To put it this way is to recognise that such views, far from being remote from us, can actually be located within certain areas of the legitimate political spectrum. I do not mean partisan politics but instincts about power and how the world is that spells itself out as attitudes towards authority, justice and duty.

Indeed, Mgr Said Pullicino’s homily is full of philosophical and social assumptions which are not binding on Catholics but which inform his judgment that the legalisation of divorce is wrong under any circumstances. For example, he refers to the “social disaster” wrought by divorce wherever it has long been introduced. Since this covers much of the world for much of history, he is effectively claiming that history is a record of social disaster. Marxists and some radical feminists would agree, if for somewhat different reasons. But are Catholics obliged to agree?
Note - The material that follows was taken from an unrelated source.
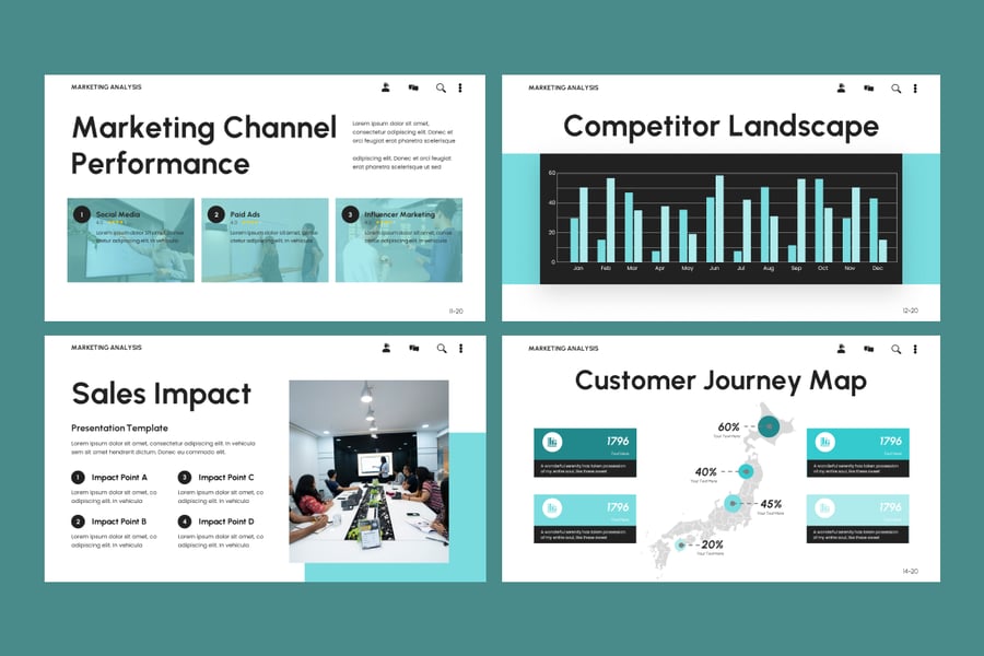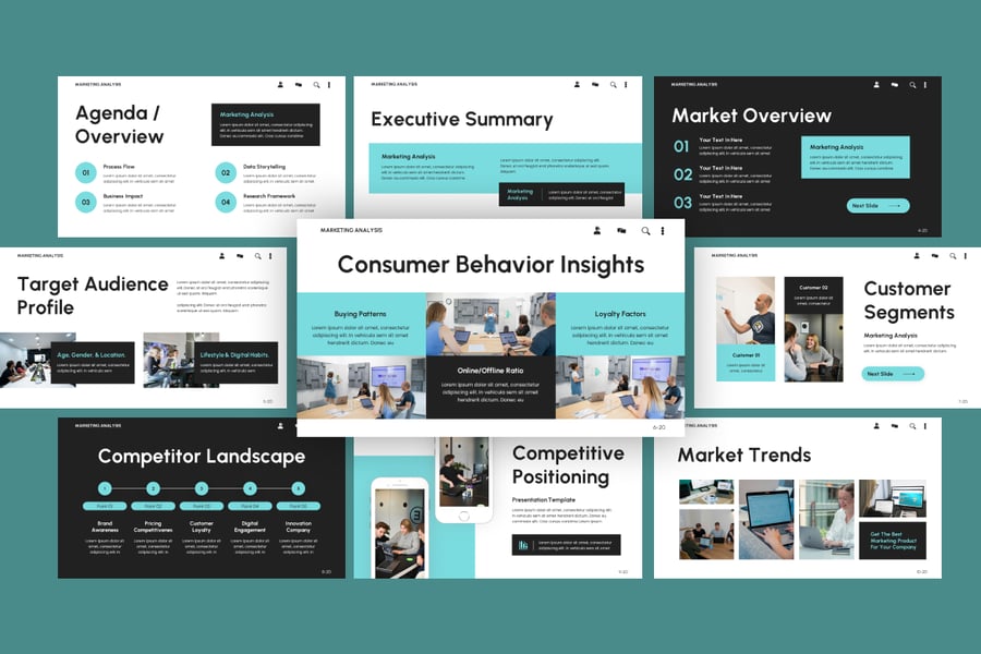 这款模板完美适用于市场调研报告、品牌分析、营销活动绩效评估和竞争格局演示,它将简约设计与专业功能完美结合。每张幻灯片都经过精心设计,旨在以引人入胜的方式讲述故事、呈现数据可视化效果并辅助战略决策。凭借独特的幻灯片、可编辑的信息图表和统一的色彩主题,这款演示文稿能够帮助您以精准的视觉方式传达营销成果。节省时间、打动利益相关者、让您的数据脱颖而出——这一切都得益于 Google 幻灯片的简洁性和兼容性。

Of course not. We can see that the Marxist and radical feminist interpretations are political, in the sense of selecting what to value as salient according to prior assumptions about order and justice. Mgr Said Pullicino is doing the same thing although with different assumptions, which, while informed by his faith, are not stipulated by it.

Equally political is his statement, offered as common sense, that we ought not be “cut off from our roots”, that as a people “we need to remain bound to our history, values and identity...” Many Catholics would agree. But others might reasonably object that they find how the idea of identity is presented as too static, while others yet might think that, actually, a break from our past might help make us more not less Christian. It is not an argument about the faith but about historical sociology and political philosophy.

Hence, why to call Mgr Said Pullicino “mediaeval” is to miss just which politics most needs to be exposed in this debate. His arrogance is blatant and so counterproductive. His assumptions about the nature of society are more widely shared but, disguised perhaps even to those who hold them, peddle themselves as natural and uncontentious when they are ideological and controversial.